Nvidia gave us a taste of what its Fermi-based notebook graphics cards would be like with the GeForce GTX 480M, but now it's time to meet the whole family. That's seven Fermi GPUs, running the gamut from face-melting to face-singeing.
What makes these graphics special? It all comes back to Fermi, which was built to support those juicy DirectX 11 graphics you're so excited about. But maybe more importantly, they're coming at a time when Nvidia's Optimus graphics-switching technology has been picked up in broadly. That means that solid graphics aren't going to automatically destroy your battery. At least, not quite as fast.
Nvidia's promising 40x better performance than the previous generation of GeForce—though that's based on a mystery amalgamation of a number of different benchmarks and internal tests—and the new lineup will support CUDA, 3D Vision, and PhysX. The real competitor isn't old Nvidia GPUs, though. It's Intel's integrated solution, which according to Nvidia handles game play and photo retouching 5x slower than the new GeForce hotness.

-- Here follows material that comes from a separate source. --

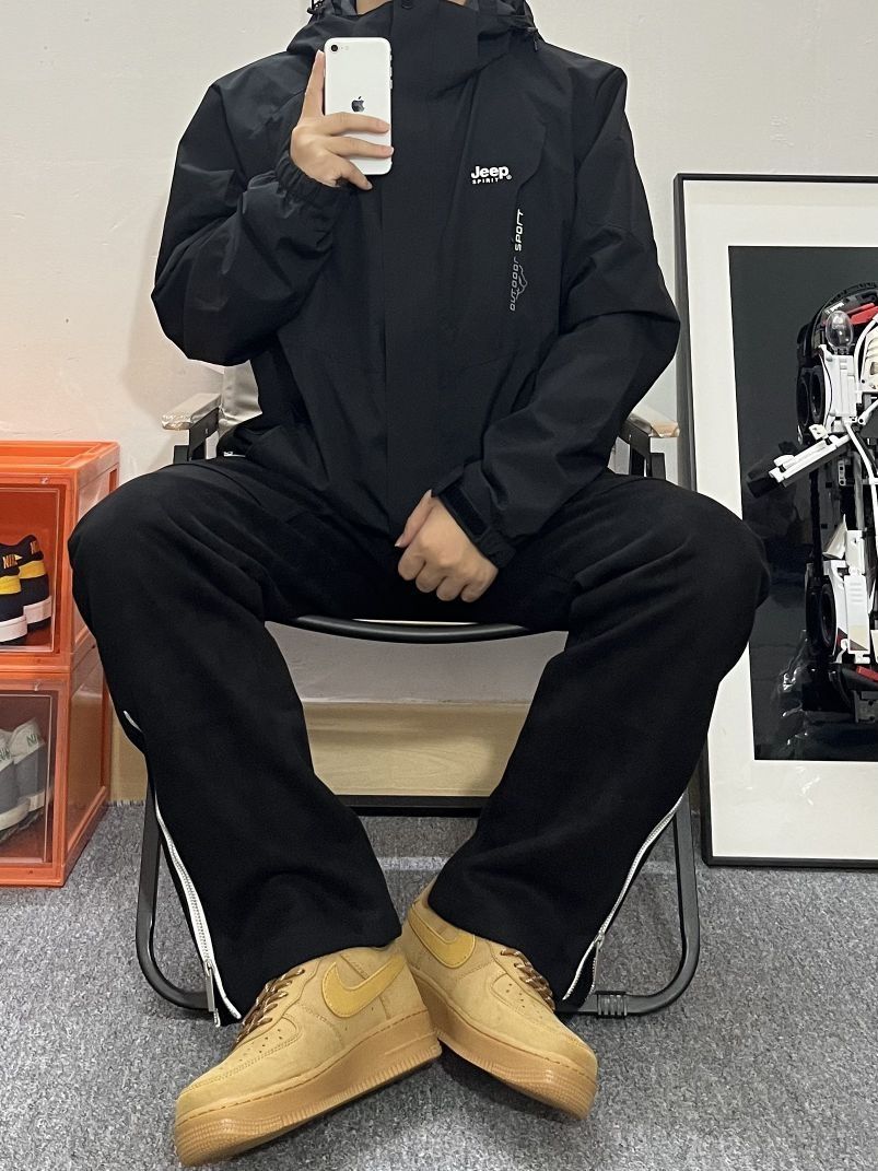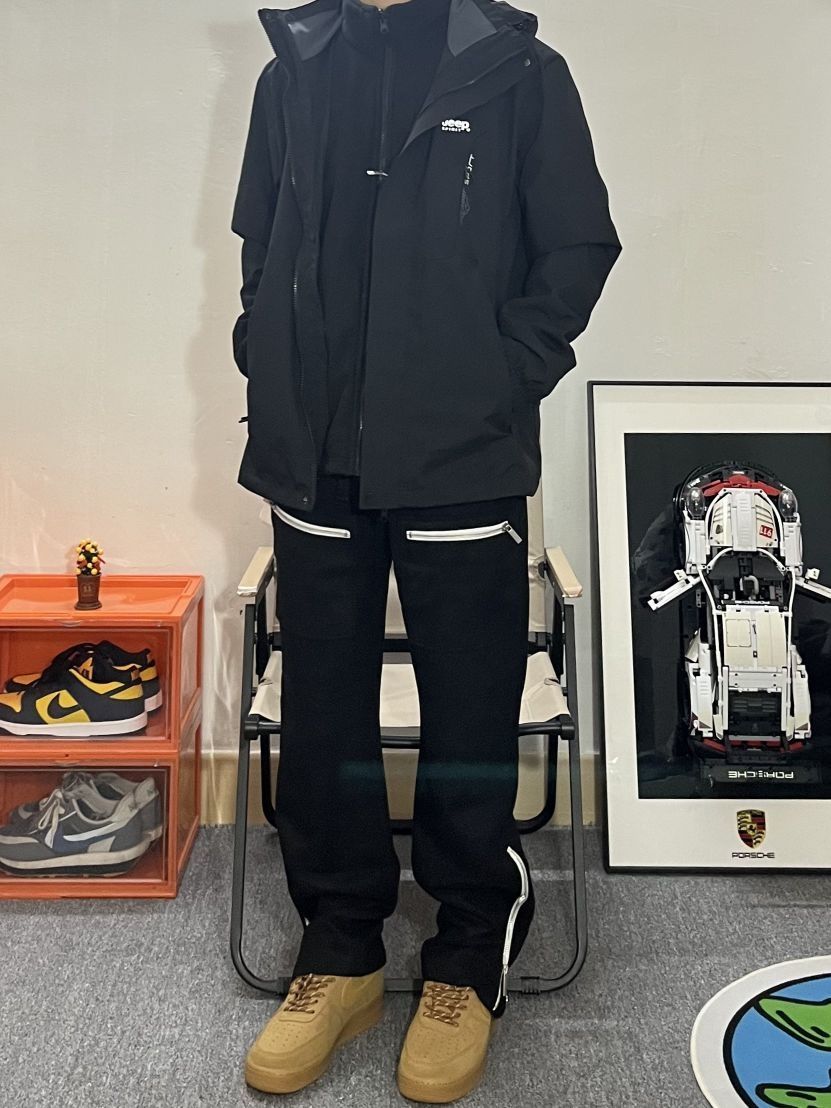 哈喽这里是pupu同鞋🏄🏻♂️ ——————————— · 👔:jeep吉普三合一冲锋衣 颜色我选择的是黑色,比较适合大部分男生✔️ 三合一对于大部分人日常通勤实用性十分大✌️ 内衬加绒巨暖和,外层防风防水🌊🌧️应对多变天气👋🏻,这一件就够啦~ · 👖:麂皮解构长裤 麂皮绒非常有质感 保暖舒适很抗冻 结构设计很帅 裤脚可以调节 冬天穿很合适❗ 裤长刚好盖住鞋面显高显瘦 运动休闲都很实穿 · 👟:...

At the low end of the spectrum is the GeForce GT 415M, featuring 48 processor cores, and up to 512Mb memory. You can expect to pay about a $50 premium for it versus rig with integrated graphics. The top-end GeForce GTX 470M, by contrast, comes loaded with 288 cores, up to 1Gb memory, and 1.25 GHz memory clock. No benchmarks are available yet, but we're expecting plenty of pep when Nvidia's PC partners—basically everyone except HP—start announcing their fall line-up.